**Data for analysis**
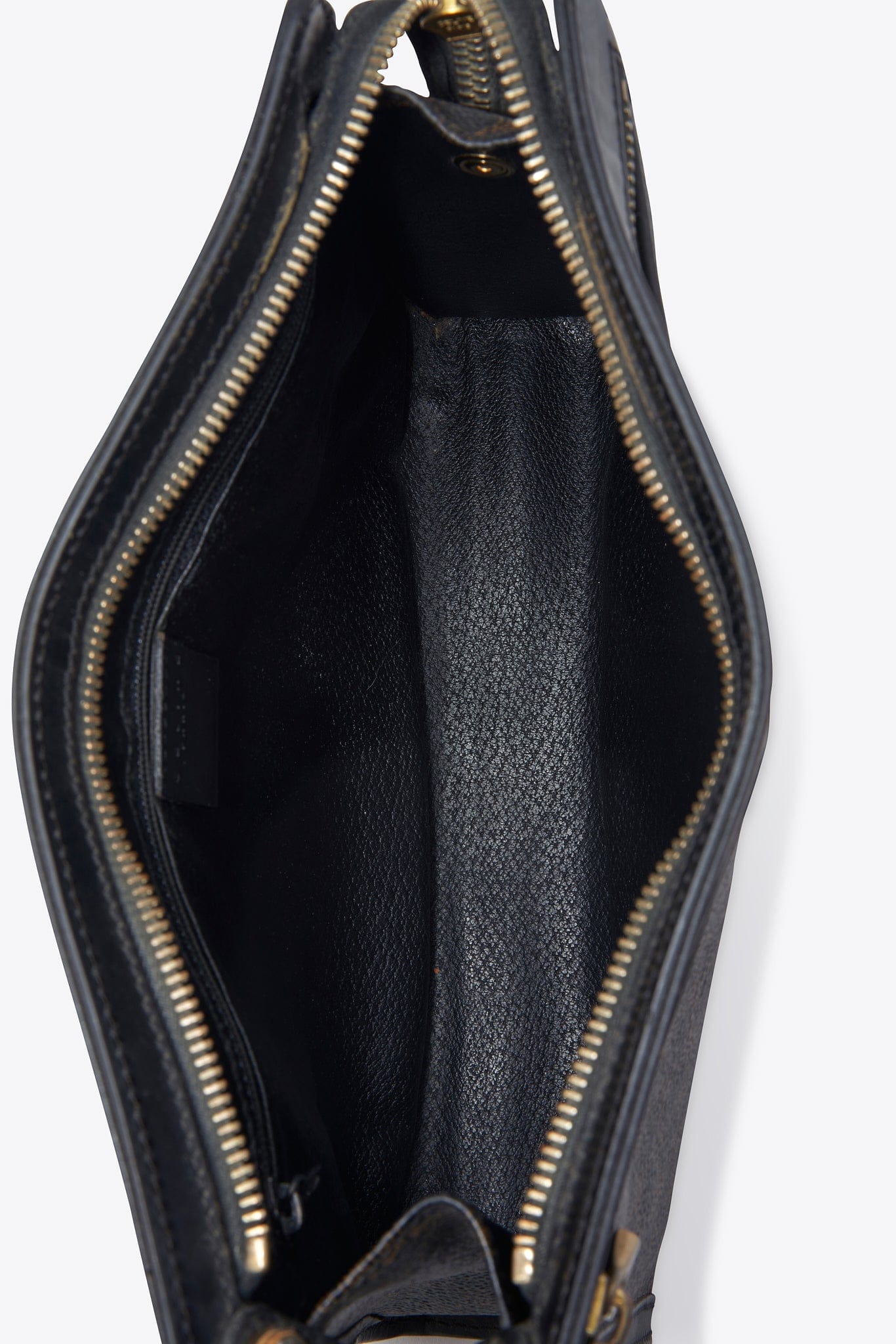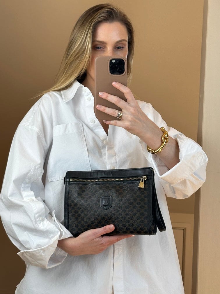 A stunning vintage Celine clutch bag crafted from brown and black Macadam canvas, black leather trim with gold hardware.
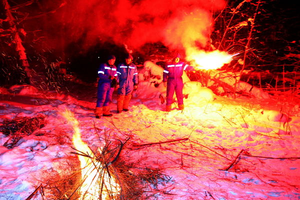 A tevékenység a sajtó számára tartott bevezetővel kezdődött, ahol a képzés vezetője, Anatolij Zabruszkov bemutatta az űrhajósok felszerelését. Ez tartalmaz meleg ruhát, tábori felszerelést, három napra elegendő élelmiszert és hat liter vizet. Az újságírók megtapasztalhatták a téli erdő extrém körülményeit és bepillanthattak a táborozók életébe.
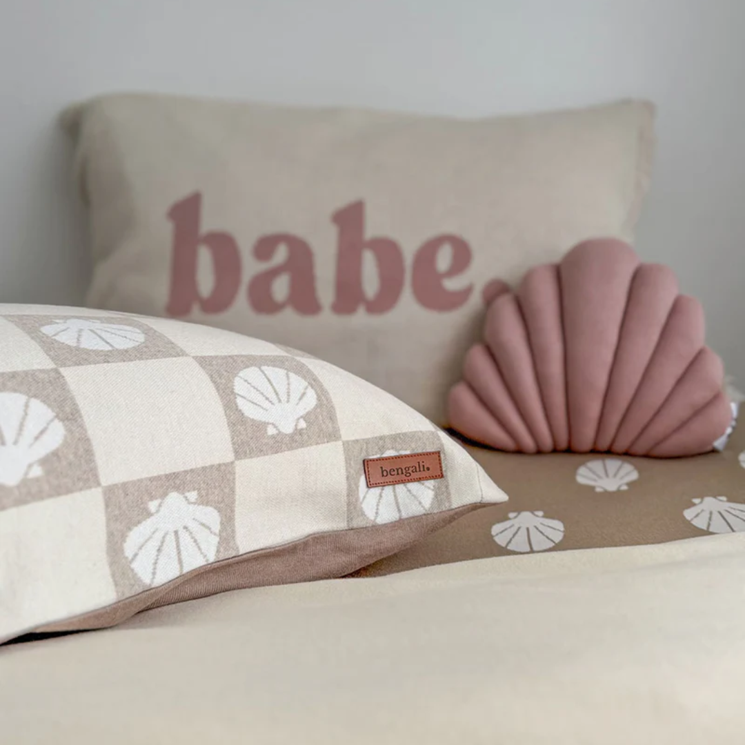Inspired by salt air and slow coastal adventures, Shoreline features soft natural and stone checkers paired with subtle clam shell motifs. Calm, beach-worn tones designed to bring an effortless seaside
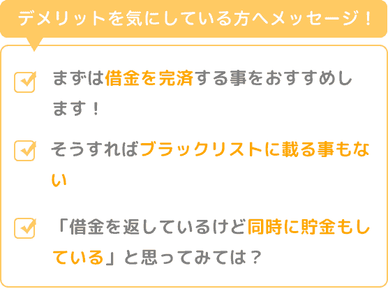 リストに載る事でこの先自動車など金額の大きな買い物をしようと思った時に借り入れ不可となり取引会社は勿論の事、家族にも迷惑をかける事になるのがとても嫌な事と思います。
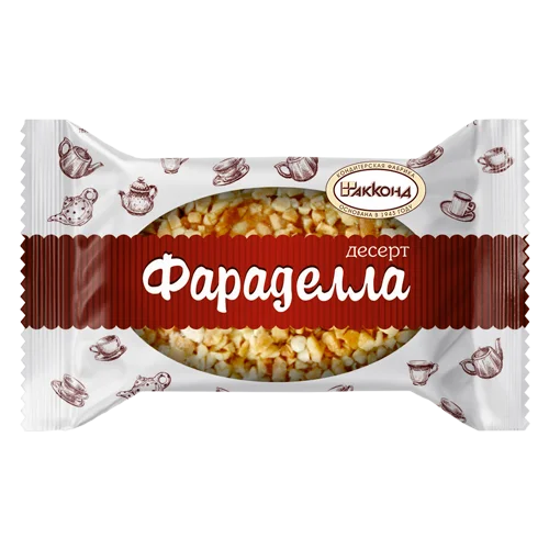 Десерт с глазированным донышком, сочетающий в себе вафельный корпус со сливочной кремовой начинкой в карамели с обсыпкой крупкой арахиса.
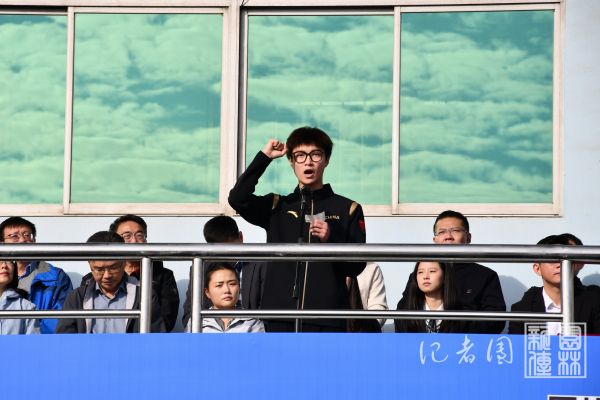 入场仪式结束后,在场师生全体肃立,面向国旗,齐唱国歌。随后,运动员代表、文法学院的黄铁涵同学与裁判员代表、体育部的林英诗雨老师先后上台宣誓,分别表达了尊重规则、顽强拼搏以及公平执裁、确保赛事顺利进行的坚定决心。
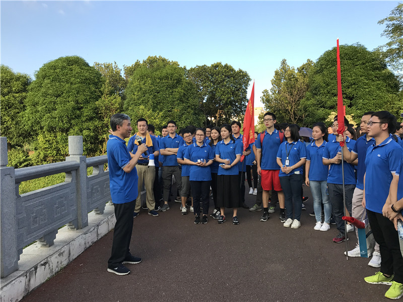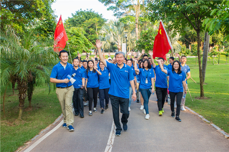 時節(jié)正初秋,諸君結(jié)伴游。當(dāng)天下午,董事長陳宜言大師率近150名青年員工統(tǒng)一著裝,參與了“慶國慶 迎中秋”健走活動,員工們排著整齊的隊伍、邁著矯健的步伐、意氣風(fēng)發(fā)地朝著中心公園前進(jìn),健步走隊伍宛如一條藍(lán)色的市政蛟龍穿梭于中心公園。員工個個興致高漲,盡情享受秋游健走之樂。健走期間,董事長精彩的知識科普,更是將健步走活動的興致推向頂峰。青年員工們在強(qiáng)身健體之時,也學(xué)習(xí)了更多的知識?!霸轮杏锌驮址N,世上無花敢斗香”,雖因地域和氣候原因,無菊無桂可賞,但與大師及眾多同事同行,濃濃的“家文化”氤氳其間,可以說,縱使花中第一流,亦可憑此斗花香!
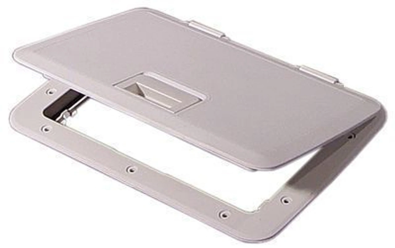 The Tempress Access Slam Hatches are constructed from a glass filled polypropylene, for strength and durability and are designed for heavy traffic areas. These hatches will withstand people walking or standing upon them. The Access Slam Hatch features an easy to close slam latch that forms a weather-tight seal just by closing the hatch. Access Hatches also utilize a patented integral hinge assembly that allows for easy lid removal. The beveled and skirted lid covers all fasteners for a clean look above or below decks. The Tempress Access Slam Hatch line is the perfect choice for easy dry storage, access to bait or fish wells, or electrical and plumbing lines.
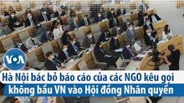 Hà Nội bác bỏ báo cáo của các NGO kêu gọi không bầu VN vào Hội đồng Nhân quyền Trong phần phân tích về tình hình nhân quyền ở Việt Nam, báo cáo của các tổ chức này cho rằng Hà Nội "vi phạm nhân quyền nghiêm trọng.
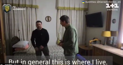 O πρόεδρος της Ουκρανίας Βολοντίμιρ Ζελένσκι ξενάγησε τον Ουκρανό δημοσιογράφο Ντμίτρο Κομαρόβ στο σπίτι του, που στην ουσία είναι ένας χώρος στο γραφείο του και μέσα σ' αυτό ζει τον τελευταίο χρόνο, όσο διαρκεί η εισβολή της Ρωσίας στην Ουκρανία: «Αυτό είναι το σπίτι μου» λέει.
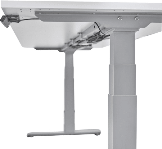 Schreibtisch, elektrisch höhenverstellbar von 640–1290 mm • Gestell/Tischfuß: aus Stahl, silber pulverbeschichtet • Tischplatte: melaminharzbeschichtete Spanplatte nach DIN 14322 Emissionsklasse E1 E05 TSCA, 25 mm dick, mit umlaufender ABS-Dickkante • Traversenfrei • 2 Motoren: in den Säulen integriert • Hubgeschwindigkeit von 36 mm/sec. • Stand-by Verbrauch: kleiner/gleich 0,1 W • Bedienung: erfolgt über einen Memory-Schalter (mit 3 Speicherplätzen) unterhalb der Tischplatte Lieferung: Erfolgt zerlegt. Hinweis: Für den Einklemmschutz sorgt ein hochempfindlicher Giro-Sensor. Wichtig, der Sicherheitsspalt zwischen den Arbeitsplätzen sollte 30 mm sein.
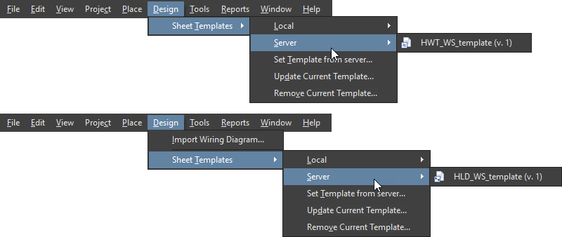 现在已完全支持在相应的编辑器主菜单Design » Sheet Templates中使用线束布线图模板(在线束布线图中)和线束布局图模板(在线束布局图中),这些模板可以是本地的,也可以是基于工作区的。
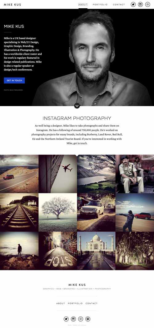Mike’s name as the logo is repeated as the main heading on the page. The header contrasts with the background, as do the backgrounds of the various sections of the page below. Links in the menu share the same uppercase styling. Social icons at the top are repeated along the bottom.
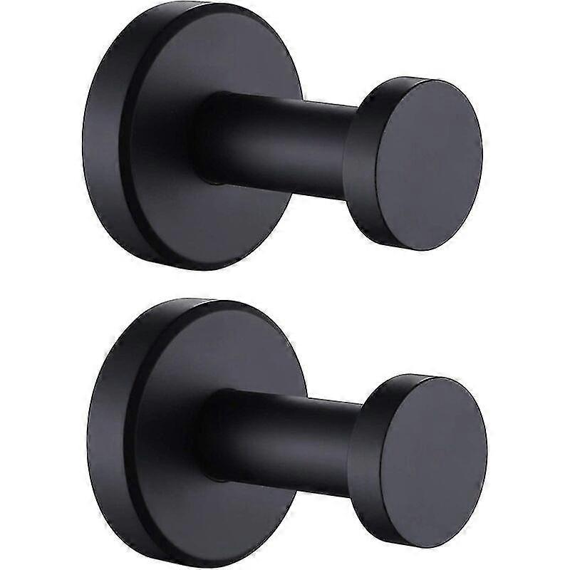 Bathroom Robe Hook Set of 2 Matte Black Bathroom Towel Hooks, Round Stainless Steel Hanger, Contemporary Decorative Wall Mount for Toilet, Kitchen - M
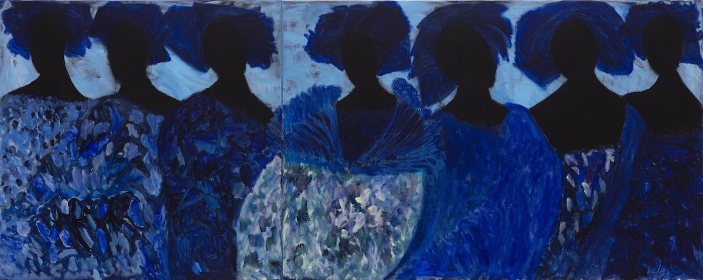 Ruth Ige, Seven Yoruba women with the gifts of healing, foresight and teleportation, 2024. Acrylic, oil stick and charcoal on canvas
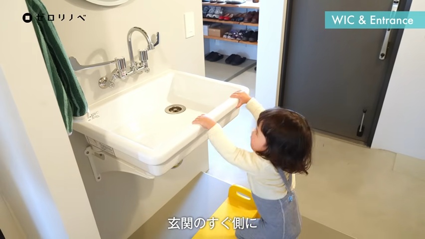 玄関すぐの所に洗面台。子どもが手を洗う習慣がついたとのこと
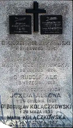 - Grób rodziny Kołączkowskich – lekarzy i zarządców uzdrowisk szczawnickich, w tym: Józefa – protoplasty rodu, jego córki Marii i jej męża Bogusława Kołączkowskich oraz jego wnuka Zbigniewa.
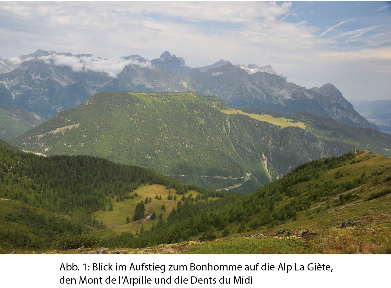 Zu Beginn verläuft der Weg fast eben aus und beginnt nur allmählich anzusteigen, bis er sich in mehreren steilen Kehren durch den Bergwald bis zur Alp La Giète hinaufwindet. Diese liegt im engen Kessel von La Lui unterhalb des Gratrückens, den wir später auf dem Weg zum Gipfel des Bonhomme begehen werden. Glockengeläute empfängt uns auf der Alplichtung und die Eringerkühe sprenkeln schwarz die kargen Weiden oberhalb der Alphütten.

**Work instructions**
Copy only the lines above from the one containing "Bathroom Robe Hook" through the one containing "- Grób rodziny", both included. Leave out the pictures.

**Exercise solution**
 Bathroom Robe Hook Set of 2 Matte Black Bathroom Towel Hooks, Round Stainless Steel Hanger, Contemporary Decorative Wall Mount for Toilet, Kitchen - M
 Ruth Ige, Seven Yoruba women with the gifts of healing, foresight and teleportation, 2024. Acrylic, oil stick and charcoal on canvas
 玄関すぐの所に洗面台。子どもが手を洗う習慣がついたとのこと
 - Grób rodziny Kołączkowskich – lekarzy i zarządców uzdrowisk szczawnickich, w tym: Józefa – protoplasty rodu, jego córki Marii i jej męża Bogusława Kołączkowskich oraz jego wnuka Zbigniewa.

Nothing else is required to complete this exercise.